Le conduje hasta el albergue, ahora el alivio del peso que le había quitado de encima le permitía caminar con más agilidad. Cuando penetramos en el interior de la estancia, le ofrecí el botijo que el cogió con mucha gratitud y algo de ansia y dio tres grandes y pausados tragos con los que consumió gran parte del contenido que en el había.

–   Tranquilo – le dije – no hay prisa ahora que ya has llegado, bebe con calma y siéntate en el sillón para que descanses que se te ve muy fatigado.

–   Ha resultado una etapa terrible – me confesó – por momentos creía que no iba a llegar nunca y dudaba que pudiera terminar esta etapa.

–   Pero como se te ocurre a tu edad caminar con este calor, acaso tienes prisa por llegar. Imagino que estás jubilado y dispones de todo el tiempo del mundo.

–   Tienes razón – me dijo – no tengo ninguna prisa y tengo todo el tiempo del mundo, a mi edad solo me queda eso, tiempo para hacer las cosas que nunca he podido por una u otra razón.

–   Pues si dispones de tiempo, debes tomarte el camino con más calma, el camino no se va a mover de donde está, debes planificar las etapas para no hacer esfuerzos tan grandes y en lugar de recorrer la distancia que has hecho hoy, podías haberte parado en la anterior población y mañana hubieras proseguido, quizá con menos calor y estarías más descansado.
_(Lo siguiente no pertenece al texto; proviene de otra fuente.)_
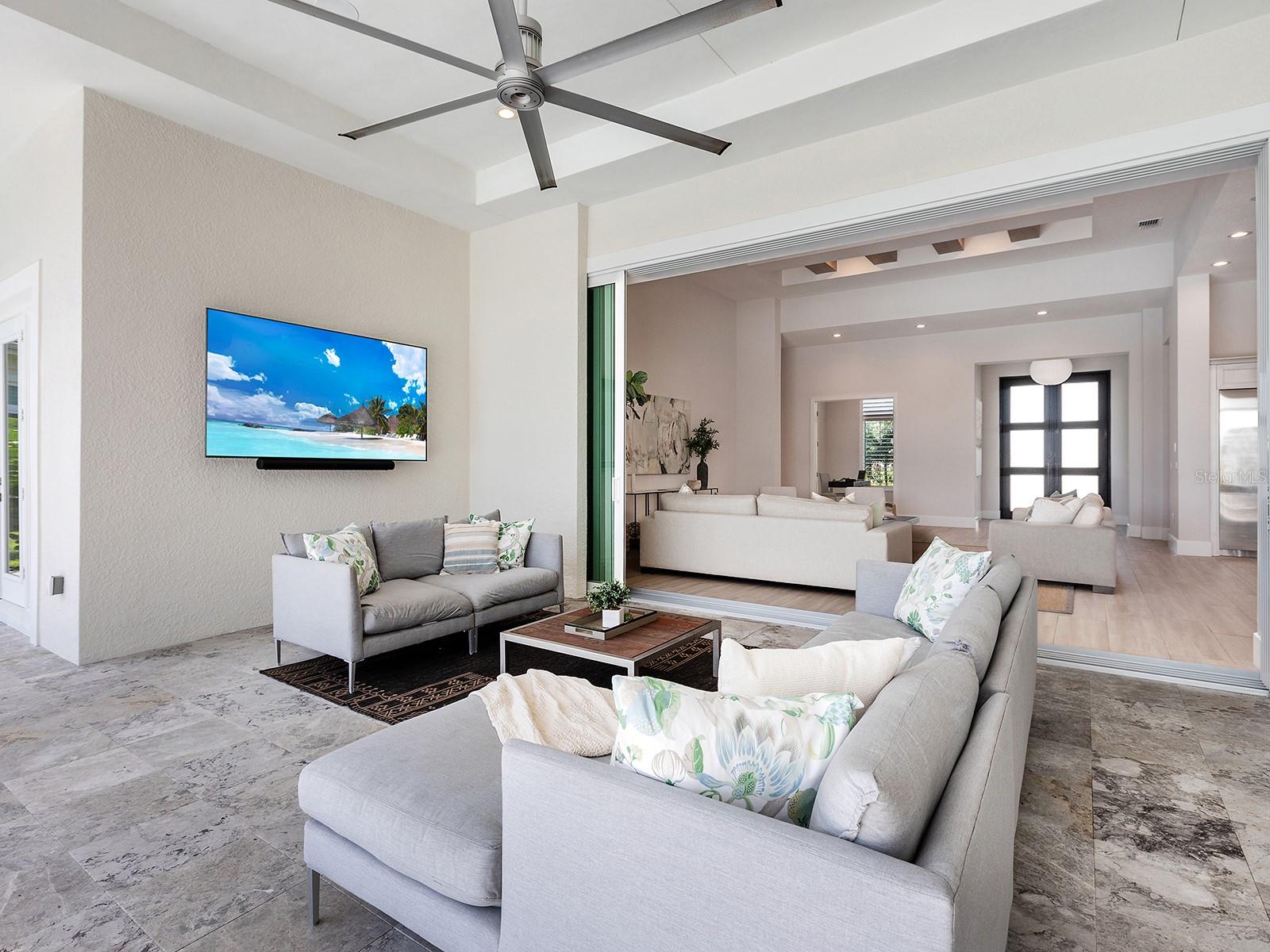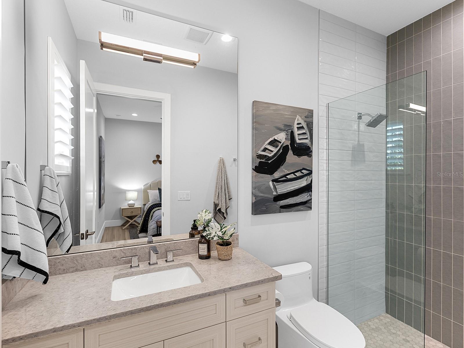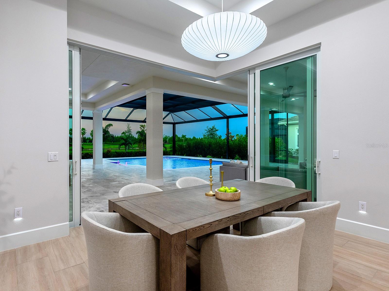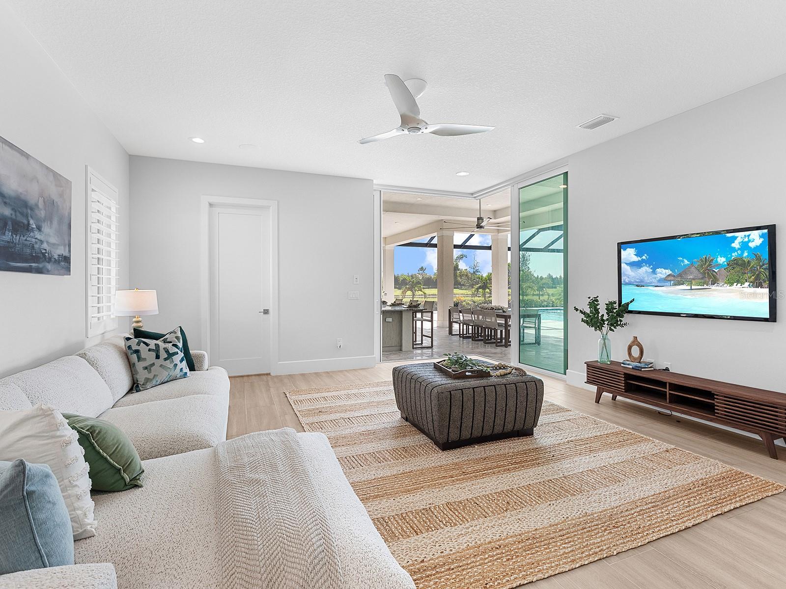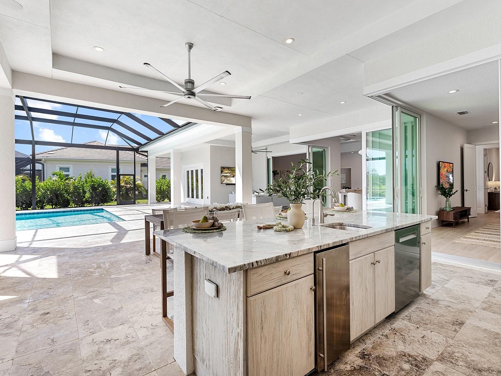 Welcome home to the ideal residence in The Lake Club with gorgeous private water views! One of the most desirable floor plans is this 2023 home offering a coveted separate casita guest house, plus a modern open plan, luxurious primary suite, 3 additional guest bedrooms all with private en-suite bathrooms, study, and expansive air-conditioned 3-car garage. The exterior invites you home with 2025 freshly painted exterior, updated lush landscaping, and wide driveway with parking pad. This residence is filled with clever upgrades that make daily life more enjoyable including IMPACT windows and sliders throughout, security camera system, Wi-Fi extenders, in-ceiling speakers, whole-house water filtration and softener system, Lutron lights, smart home systems, plantation shutters, and wood-look porcelain tile flooring throughout. The great room opens from the foyer with frosted impact glass front door straight onto the lanai through pocketing impact sliding glass doors, offering immediate views of the lake and greenspace beyond, plus a custom ceiling with hand-stained wood beams. The chef's kitchen offers impressive upgrades with an expanded island for extra seating, upscale quartzite counters, custom cabinetry, reverse osmosis, TWO custom walk-in pantries, and high-end appliance suite with 36" side-by-side Sub-Zero refrigerator and freezer, Bosch dishwasher, Wolf dual wall ovens, Wolf gas cooktop and Wolf microwave drawer. Enjoy meals in the dining room featuring a custom dry bar with wine refrigerator and disappearing corner impact sliders. This Florida home was made for an ideal indoor-outdoor entertaining lifestyle with covered dining and living areas on one of the largest lanais in the neighborhood at 3,382 SF. Relax under tray ceilings with oversized modern fans on the travertine lanai; lounge in the sunshine surrounded by the 2024 panoramic extra-strong stainless steel screen enclosure; or dine next to the outdoor kitchen complete with island, stone counters, reverse osmosis, and high-end appliances including Wolf grill, U-Line beverage refrigerator, separate ice maker and Bosch dishwasher. The sparkling saltwater pool is oversized, perfect for swimming laps or splashing in the afternoon, and features a sunken spa with spill-edge perfectly positioned to take in the lake views. Inside the owner's suite offers the ultimate relaxation with tray ceiling, seating area, French doors to the lanai with a porch area and two custom walk-in closets. The primary bathroom rivals a five-star hotel with separate vanities, large linen storage tower, water closet with Toto toilet, freestanding modern tub, walk-in shower with rainhead and 4 body sprayers. Guests will enjoy their own 3 bedrooms all with their own private and luxurious en-suite bathrooms. Plus the rear bedroom can be used as bonus room with a full pool bathroom for even more flexible spaces. The guest house casita is ideal for long-term guests, teens, live-in assistance, an in-law suite or a second office with a large studio bedroom, kitchenette wet bar, private lanai area and en-suite bathroom. Completing this residence is a private study, spacious laundry room with hidden ironing board and guest powder bathroom. The air-conditioned and insulated 3-car garage offers expanded room for cars and toys, 2 AC splitters, custom storage and a dual electric car charger. The Lake Club is an exclusive premier, gated community with a Grande Clubhouse, restaurant, pool, tennis, pickleball and more.

–   Es verdad – susurro mientras bebía otro trago de agua del botijo – pero si me hubiera quedado en el pueblo anterior, mañana hubiera pasado de largo por este lugar sin detenerme y creo que el destino me decía que debía haber llegado hasta aquí y hacerlo hoy. Si hubiera alterado ese destino, no habría tenido la oportunidad de haber experimentado la hospitalidad con la que me has recibido y me hubiera perdido esa sonrisa con la que me has obsequiado cuando nos hemos visto.

Aquellas palabras además de emocionarme, me hicieron pensar que tenía razón, quienes somos nosotros para variar el destino y cambiar esas sensaciones que solo se ven en el camino cuando nos ofrece esas cosas que en otros lugares es muy difícil de apreciar.

Una vez que hubo descansado, le acompañé hasta la litera que le habíamos asignado y le dejé allí con esa felicidad en su rostro que solo experimentan los que ven cumplidos sus sueños. Le agradecí esa lección que con sus palabras me había dado ya que me hizo comprender un poco mejor esos misterios que encierra el camino y que solo en ocasiones como esta conseguimos ver.